RTSeg: Real-time Semantic Segmentation Comparative Study

Overview

Real-time Semantic Segmentation Comparative Study

The repository contains the official TensorFlow code used in our papers:

Description

Semantic segmentation benefits robotics related applications especially autonomous driving. Most of the research on semantic segmentation is only on increasing the accuracy of segmentation models with little attention to computationally efficient solutions. The few work conducted in this direction does not provide principled methods to evaluate the     different design choices for segmentation. In RTSeg, we address this gap by presenting a real-time semantic segmentation benchmarking framework with a decoupled design for feature extraction and decoding methods. The code and the experimental results are presented on the CityScapes dataset for urban scenes.



Models

Encoder Skip U-Net DilationV1 DilationV2
VGG-16 Yes Yes Yes No
ResNet-18 Yes Yes Yes No
MobileNet Yes Yes Yes Yes
ShuffleNet Yes Yes Yes Yes

NOTE: The rest of the pretrained weights for all the implemented models will be released soon. Stay in touch for the updates.

Reported Results

Test Set

Model GFLOPs Class IoU Class iIoU Category IoU Category iIoU
SegNet 286.03 56.1 34.2 79.8 66.4
ENet 3.83 58.3 24.4 80.4 64.0
DeepLab - 70.4 42.6 86.4 67.7
SkipNet-VGG16 - 65.3 41.7 85.7 70.1
ShuffleSeg 2.0 58.3 32.4 80.2 62.2
SkipNet-MobileNet 6.2 61.5 35.2 82.0 63.0

Validation Set

Encoder Decoder Coarse mIoU
MobileNet SkipNet No 61.3
ShuffleNet SkipNet No 55.5
ResNet-18 UNet No 57.9
MobileNet UNet No 61.0
ShuffleNet UNet No 57.0
MobileNet Dilation No 57.8
ShuffleNet Dilation No 53.9
MobileNet SkipNet Yes 62.4
ShuffleNet SkipNet Yes 59.3

** GFLOPs is computed on image resolution 360x640. However, the mIOU(s) are computed on the official image resolution required by CityScapes evaluation script 1024x2048.**

** Regarding Inference time, issue is reported here. We were not able to outperform the reported inference time from ENet architecture it could be due to discrepencies in the optimization we perform. People are welcome to improve on the optimization method we're using.

Usage

  1. Download the weights, processed data, and trained meta graphs from here
  2. Extract pretrained_weights.zip
  3. Extract full_cityscapes_res.zip under data/
  4. Extract unet_resnet18.zip under experiments/

Run

The file named run.sh provide a good example for running different architectures. Have a look at this file.
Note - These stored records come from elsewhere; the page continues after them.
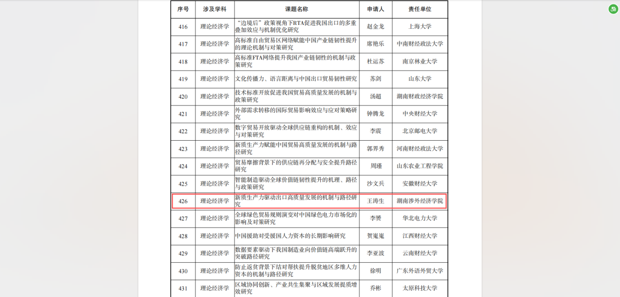 2024年9月14日,全国哲学社会科学工作办公室发布了《关于2024年国家社会科学基金年度项目立项名单的公示》。我校商学院王涛生教授主持的《新质生产力驱动出口高质量发展的机制与路径研究》项目脱颖而出,成功获批立项,我校也成为2024年度湖南省内唯一一所获批此类项目的民办本科院校。至此,我校已累计获批国家社会科学基金项目4项。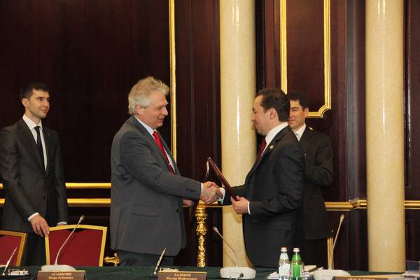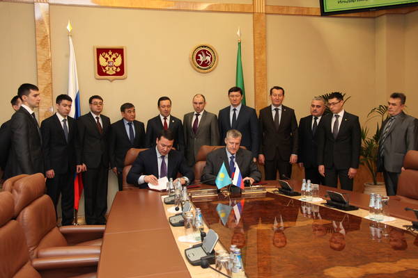 Подписание соглашения о сотрудничестве между Комитетом национальной безопасности Республики Казахстан и Федеральной службой Российской Федерации по контролю за оборотом наркотиков. Принимает участие Премьер-министр Республики Татарстан И.Ш.Халиков.: фото Михаила Козловского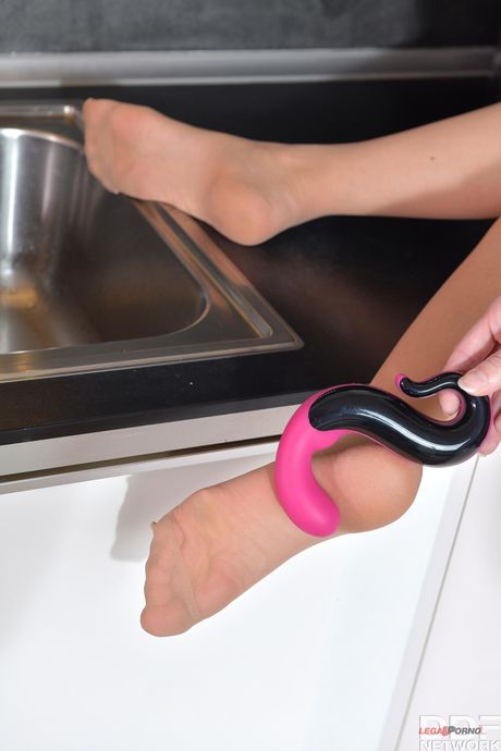 Porn World: 金发女郎 Anastasia De Vine 露出她的大奶子,玩弄她剃光的阴部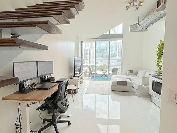 Unfurnished- Discover urban luxury living in this stunning two-story loft with mesmerizing city views. Boasting an expansive layout and upscale finishes, this residence offers a perfect blend of sophistication and comfort. Centrally situated, it provides convenient access to Brickell City Center and a variety of restaurants, all while enjoying breathtaking vistas of the city and the Miami River.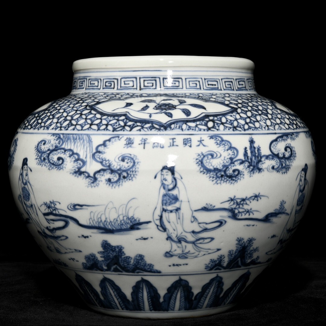 > 【永】明時代 大明正統年製 青花人物故事紋罐 古陶磁器 陶芸 皿 中国陶瓷器 唐瓷 置物擺件 古美術品 古賞物 収集 旧家蔵出 中国唐物 A92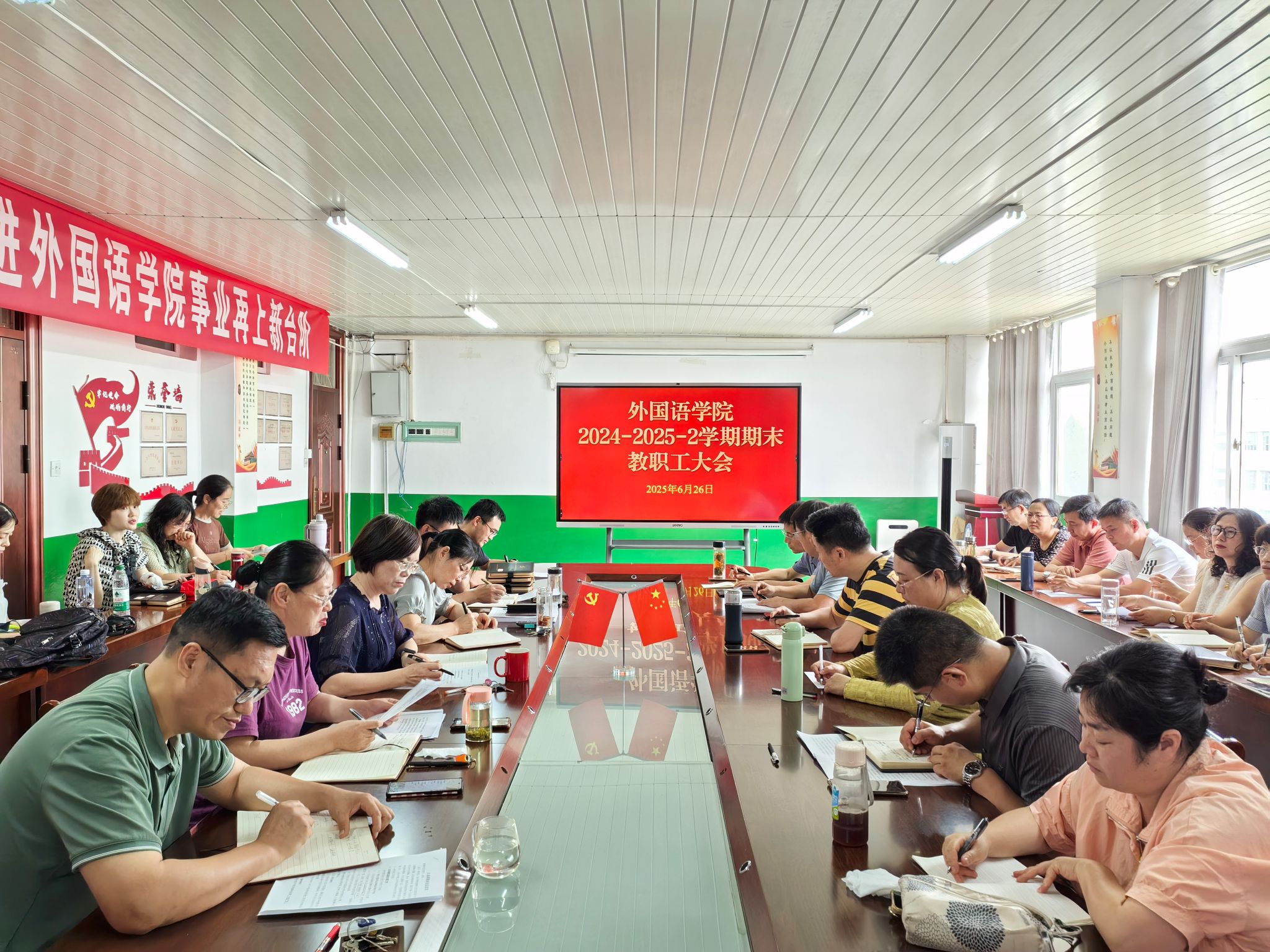 6月26日下午,外国语学院在学院会议室召开2025年春季学期期末教职工大会。会议由院长刘萍主持。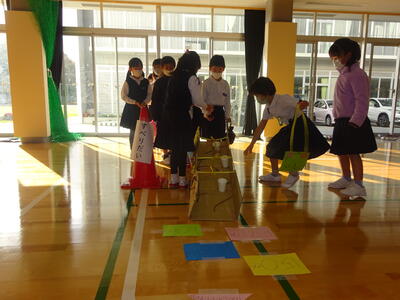 2時間目、体育館で1年生の生活科「あきのおもちゃランドであそぼう」が2年生を招待して開かれました。1年生の生活科で、お隣の菊池恵楓園で探してきたどんぐりや松ぼっくりなどを材料に作ったおもちゃ(けんだま、マラカス、ボウリング、すべりだい、めいろ、こま、やじろべえ)のお店を班で開いて、2年生のお兄ちゃん、お姉ちゃんに遊んでもらい、「おもてなし」をしました。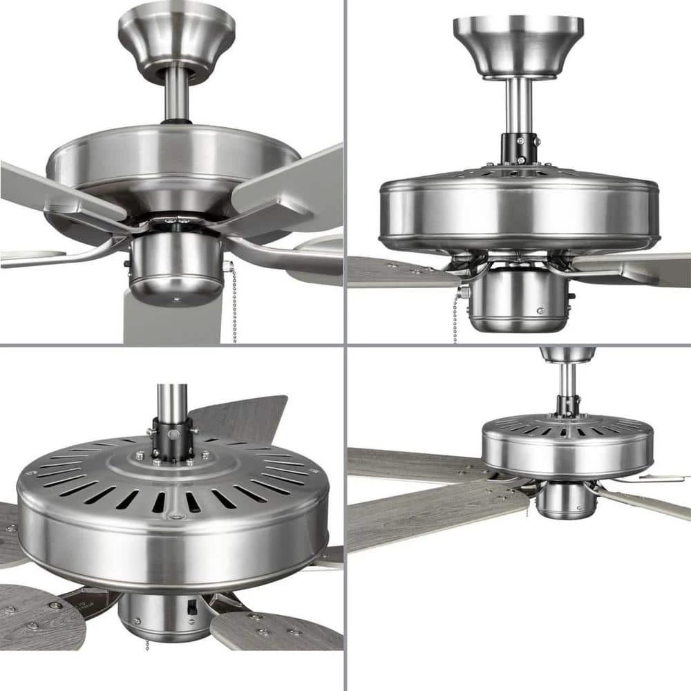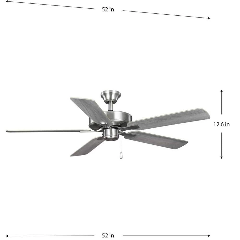 The AirPro 52 in. 5-blade ceiling fan refreshes interiors with a sleek, modern form coated in smooth Brushed Nickel finish 5 clean-lined fan blades extend outward from a streamlined motor housing that contains a powerful AC motor. Its versatile yet timeless design makes it ideal for a wide range of interior decor styles. The fan has an AC motor and is rated for maximum efficiency. The fan accepts a universal light kit and an accessory wall and remote control (all sold separately). The fan can be installed on a flat or sloped ceiling. The blade arms have Captive Screws allowing for easier installation.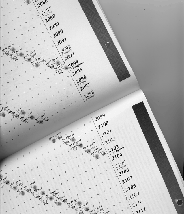 This book, now in an enlarged 5th edition, methodically explains why eclipses of the Sun and Moon happen, their intricate patterns in time and space - and why they are so exciting. There are page-spreads, with dynamic globe diagrams, for examples of the main kinds of eclipse and several curious cases, such as a "broken-ring eclipse", a "geometrically tight eclipse", a "globe-skimming eclipse"; and the cross-USA total solar eclipse of August 2017. Rich illustrations, including the 12-page "bead curtain" chart of all eclipses from 1901 to 2116; "Eclipse stories" (with some cartoons); eclipses of the future; tables; index. 8½ x 11 in., 96 pages, many illustrations. 1991; 2nd edition 1991; 3rd edition 2004; 4th edition 2013; 5th edition 2016, with recent updates. ISBN 978-0-934546-74-4.
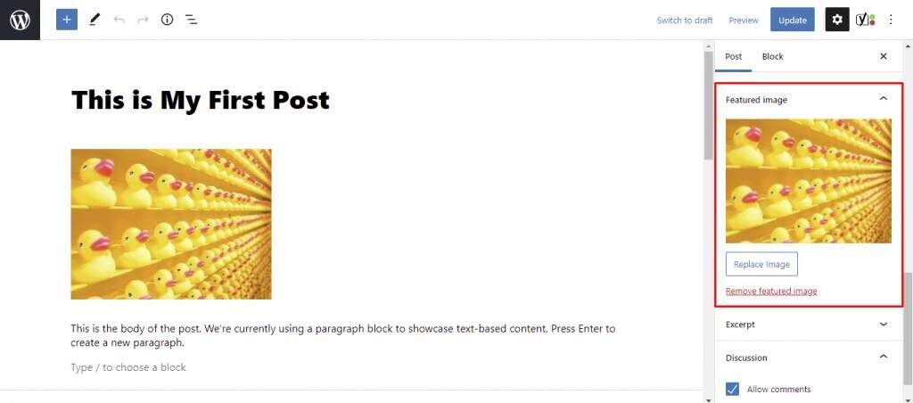 特色图片选项卡现在应该出现在您的内容编辑器中。单击设置特色图片按钮,然后从媒体库中选择所需的图片。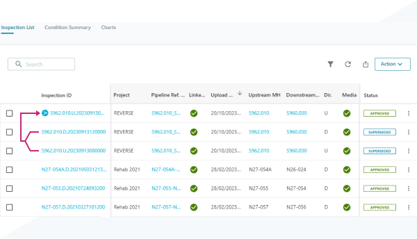 Identify unassociated inspections: To detect any inspections that are not correctly associated to an asset, you can filter on the new 'Linked Asset' column in the inspection list. Inspections cannot be approved unless they are linked to an asset. |

Examples to the running command in run.sh file:

python3 main.py --load_config=[config_file_name].yaml [train/test] [Trainer Class Name] [Model Class Name]
  • Remove comment from run.sh for running fcn8s_mobilenet on the validation set of cityscapes to get its mIoU. Our framework evaluation will produce results lower than the cityscapes evaluation script by small difference, for the final evaluation we use the cityscapes evaluation script. UNet ResNet18 should have 56% on validation set, but with cityscapes script we got 57.9%. The results on the test set for SkipNet-MobileNet and SkipNet-ShuffleNet are publicly available on the Cityscapes Benchmark.
python3 main.py --load_config=unet_resnet18_test.yaml test Train LinkNET
  • To measure running time, run in inference mode.
python3 main.py --load_config=unet_resnet18_test.yaml inference Train LinkNET
  • To run on different dataset or model, take one of the configuration files such as: config/experiments_config/unet_resnet18_test.yaml and modify it or create another .yaml configuration file depending on your needs.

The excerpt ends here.